> _Problem description_
Pictures should be left out when the listing below is repeated word for word.

> _Given information_
-*-

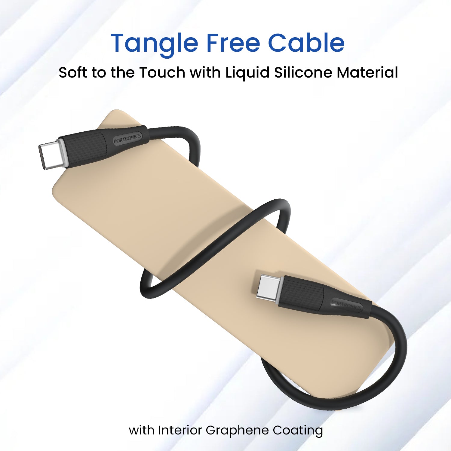 - Non-Tangle Design: Don’t get tangled in the mess of wires, Let the Portronics Silklink Type C to Type C cable keep it neat and organized for you, and eliminate the frustrating knots.
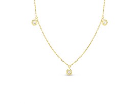 From Roberto Coin's Diamond By The Inch collection, this 18K yellow gold necklace features three stations of round dangling diamonds weighing a total of 0.13 carat. The diamonds are G-H in color and have SI-I2 clarity. The necklace measures 17" in length. Wear this beautiful necklace alone or layered with others! It is stunning on! You can have fun with this piece wearing it every day or a night out on the town!
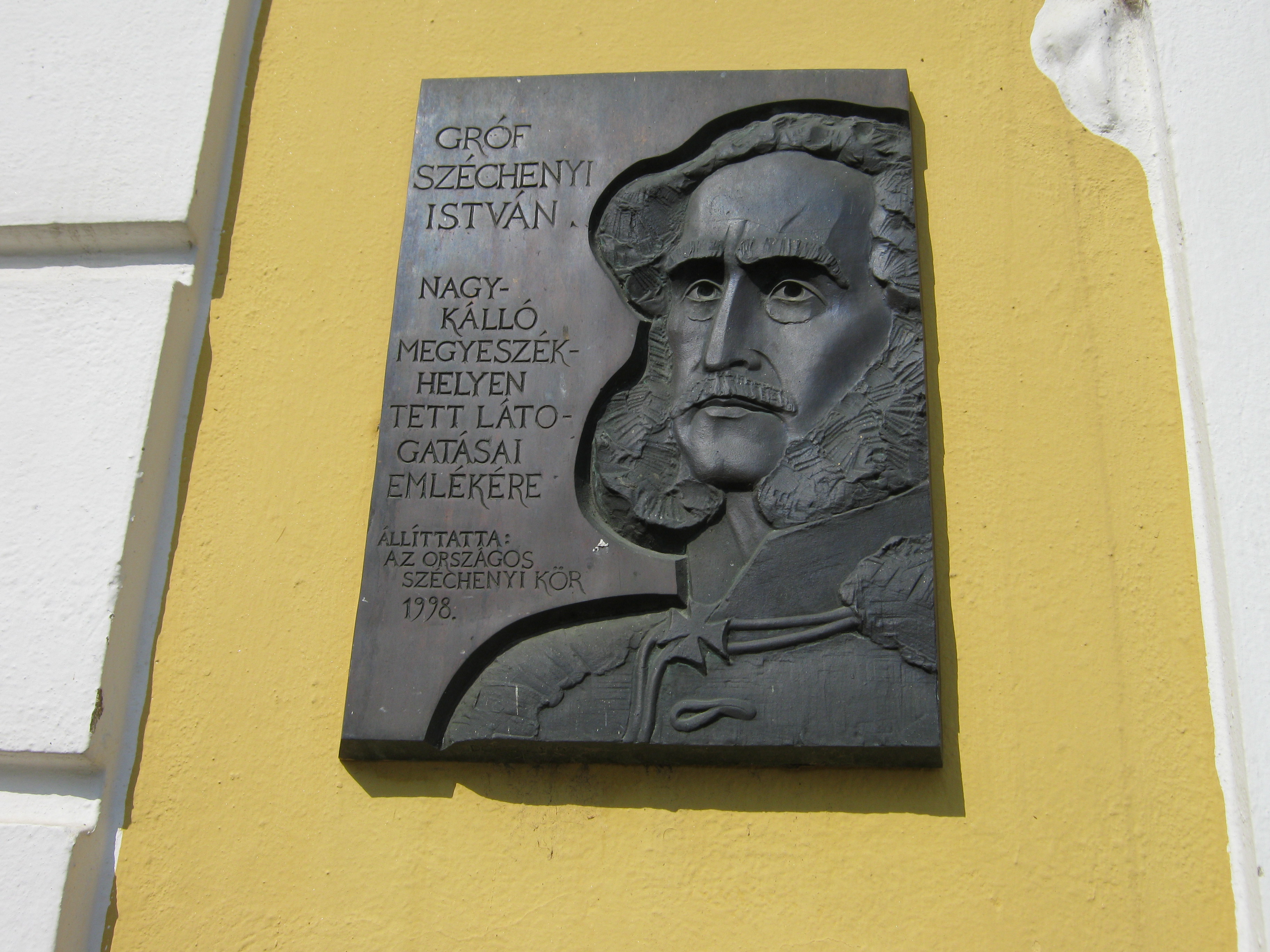 Nyilvános 1085 | 1450 | Nagykálló, Szabadság tér 13. A régi vármegyeháza | Az egyemeletes, négyszögletes belső udvart körbezáró, copfstílusú középület 1769-80 között épült, olasz építészek, az Aprilis testvérek irányítása alatt. Dísztermében 1770 körül készült, szintén copf freskók láthatók. Homlokzatán 1998-ban avatták fel Széchenyi István emléktábláját. Felh. irod.: Harsányi Gézáné: Kálló kincsei. Nagykálló, 2007 A fénykép 2010 augusztus elején készült. |

-*-

> _Response for this exercise_
 - Non-Tangle Design: Don’t get tangled in the mess of wires, Let the Portronics Silklink Type C to Type C cable keep it neat and organized for you, and eliminate the frustrating knots.
 From Roberto Coin's Diamond By The Inch collection, this 18K yellow gold necklace features three stations of round dangling diamonds weighing a total of 0.13 carat. The diamonds are G-H in color and have SI-I2 clarity. The necklace measures 17" in length. Wear this beautiful necklace alone or layered with others! It is stunning on! You can have fun with this piece wearing it every day or a night out on the town!
 Nyilvános 1085 | 1450 | Nagykálló, Szabadság tér 13. A régi vármegyeháza | Az egyemeletes, négyszögletes belső udvart körbezáró, copfstílusú középület 1769-80 között épült, olasz építészek, az Aprilis testvérek irányítása alatt. Dísztermében 1770 körül készült, szintén copf freskók láthatók. Homlokzatán 1998-ban avatták fel Széchenyi István emléktábláját. Felh. irod.: Harsányi Gézáné: Kálló kincsei. Nagykálló, 2007 A fénykép 2010 augusztus elején készült. |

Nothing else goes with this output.